Ağız içindeki yaralar birçok başka şeyin habercisi olabileceği gibi sigara ve alkol kullananlarda kanser belirtisi de olabilir.
Süleyman Demirel Üniversitesi (SDÜ) Diş Hekimliği Fakültesi Ağız, Diş, Çene Hastalıkları ve Cerrahisi Anabilim Dalı Öğretim Üyesi Doç. Dr. Nurgül Kömerik, ağız içinde oluşan yaraların ağız kanseri habercisi olabileceğini belirtti. Doç. Dr. Kömerik, ağız kanserinin başlıca nedeninin sigara ve alkol tüketimi olduğunu söyledi.
Ağız sağlığının önemine dikkati çeken Doç. Dr. Nurgül Kömerik, vatandaşların genel sağlığı için düzenli olarak ağız muayenesine gitmesini önerdi. Doç. Dr. Kömerik, ağız içinde oluşan ve nedeni bilinmeyen yaraların ’ağız kanseri’ riskini doğurduğunu söyledi.

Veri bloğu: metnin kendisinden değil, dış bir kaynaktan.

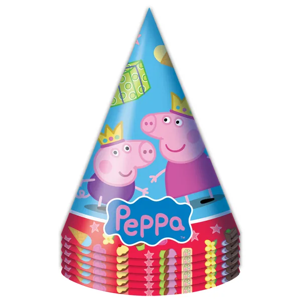 У Свинки Пеппы день рождения, и она так рада принимать подарки вместе со своим братом Джорджем. Все гости нарядились в костюмы и пришли к Пеппе на праздник-маскарад. А если Ваши гости забыли костюмы, вы можете предложить им нарядные колпачки с Пеппой. В упаковке 6 колпаков на резинках.
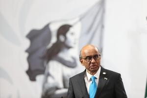 (251201) -- CIUDAD DE MEXICO, 1 diciembre, 2025 (Xinhua) -- El presidente de Singapur, Tharman Shanmugaratnam, habla durante una conferencia de prensa conjunta con la presidenta mexicana, Claudia Sheinbaum, en Palacio Nacional, en la Ciudad de México, capital de México, el 1 de diciembre de 2025. (Xinhua/Francisco Cañedo) (fc) (oa) (ah) (vf)
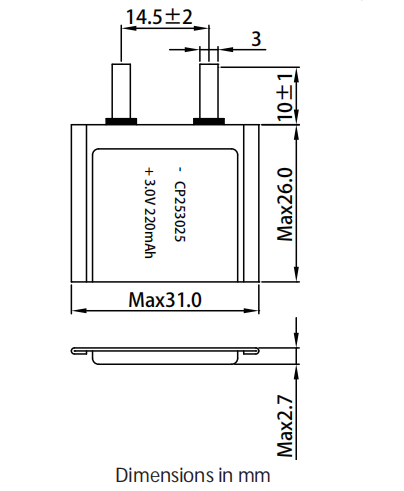 Lithium manganese pouch battery,Size 2.7*31.0*26.0mm,3V 220mAh,Temperature -20℃ ~ +70℃ KLS5-04-CP253025 |

Ağız kanserlerinde sigara ve alkolün tetikleyici rol üstlendiğini belirten Doç. Dr. Kömerik, "Yapılan çalışmalar, ağız kanseri gelişme riskinin sigara kullananlarda, kullanmayanlara oranla sigara içme miktarı ve süresiyle orantılı olarak 5 ile 17 kat fazla olduğunu gösteriyor. Aşırı alkol tüketimi de ağız kanserlerinde risk faktörüdür. Sigara ve alkol tüketiminin birarada olması kanser gelişim riskini artırıyor. Bu kişilerde ağız kanseri gelişme riski 35 kat daha fazla. Bu nedenle alkol ve sigara tüketiminden uzak durulması gerekiyor" diye konuştu.

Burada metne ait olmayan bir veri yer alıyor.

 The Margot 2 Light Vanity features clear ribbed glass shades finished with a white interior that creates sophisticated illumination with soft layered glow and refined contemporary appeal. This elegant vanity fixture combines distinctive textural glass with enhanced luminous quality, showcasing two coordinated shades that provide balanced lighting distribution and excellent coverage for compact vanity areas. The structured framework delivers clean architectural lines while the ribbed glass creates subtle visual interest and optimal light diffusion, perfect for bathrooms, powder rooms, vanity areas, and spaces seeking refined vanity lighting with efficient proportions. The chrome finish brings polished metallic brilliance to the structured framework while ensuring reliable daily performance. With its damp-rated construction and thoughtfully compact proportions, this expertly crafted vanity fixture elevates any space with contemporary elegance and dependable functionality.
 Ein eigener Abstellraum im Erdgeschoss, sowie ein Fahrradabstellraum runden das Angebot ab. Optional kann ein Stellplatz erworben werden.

HER TÜRLÜ YARA, AĞIZ KANSERİ ENDİŞESİ DOĞURMAZ
Ağız içinde meydana gelen her türlü yaranın ağız kanserinin belirtisi olarak yorumlanmaması gerektiğini vurgulayan Doç. Dr. Kömerik, şunları kaydetti:
"Ağız içindeki kötü huylu değişimler, yüzeyi kadifemsi, hafif aşınmış, düz veya pürüzlü kırmızı sahalar şeklinde başlar. Çizgili veya yamalı görünüm veren beyazlaşmış bölgeler şeklinde de bulunabilir. Ağrıya neden olmadığı için bu erken dönemlerde oluşan kanser gözden kaçabilir. Ancak ileri dönemlerde yumru, şişlik veya iyileşmeyen bir yara halindeyken hastanın dikkatini çeker. Çok ilerlemiş olgularda ise dişlerde sallanma, ağrı veya dudakta uyuşukluk olabilir. Çene altında veya boyunda misket gibi sert kitleler ele gelebilir. Ağız kanserleri benzer görünüm veren diğer daha masum lezyonlarla, örneğin, iltihabi lezyonlarla, travmatik doku yaralanmaları sonucu oluşan aşınmalar veya ülserlerle karıştırılabilir. Bu nedenle her türlü yara, ağız kanseri endişesi taşımaz. Herkes düzenli diş hekimi kontrollerini yaptırmalıdır."
KANSER BELİRTİLERİ
Kanserin ilk belirtisinin 2 hafta boyunca ağızda iyileşmeyen yaralar olduğunu anlatan Doç. Dr. Kömerik, ağız kanserinin özellikle 45 yaş ve üstünde görülme sıklığının daha fazla olduğuna değindi. Erkeklerde, kadınlara oranla ağız kanseri vakalarının daha sık görüldüğünü kaydeden Doç. Dr. Nurgül Kömerik, "Uzun süredir var olan beyaz veya kırmızı bölgeler, iyileşmeyen ve kolayca kanayan yaralar, hassasiyet varlığı, yanakta, dudakta ve ağız içinde kitle, uyuşukluk, boğaz ağrısı ve boğaza bir şey takılmış hissi kanser endişesi doğurmaktadır. Bu durumlarda biyopsi (kitle örneği) alınarak teşhise gidilmelidir" dedi.
KORUNMA YOLLARI
Ağız içi kanserinin toplumda yeterince bilinmediğine dikkat çeken Doç. Dr. Kömerik, her 100 kanser olgusunun 2’sinin ağız içinde oluştuğunu kaydetti. Ağız kanserlerine yakalanan bir hastanın en fazla 5 yıl yaşama şansı bulunduğunu anlatan Doç. Dr. Nurgül Kömerik, ağız kanserinden korunmak için düzenli olarak diş hekimine gidilmesini, sigaranın bırakılmasını ve aşırı alkol tüketilmemesini tavsiye etti.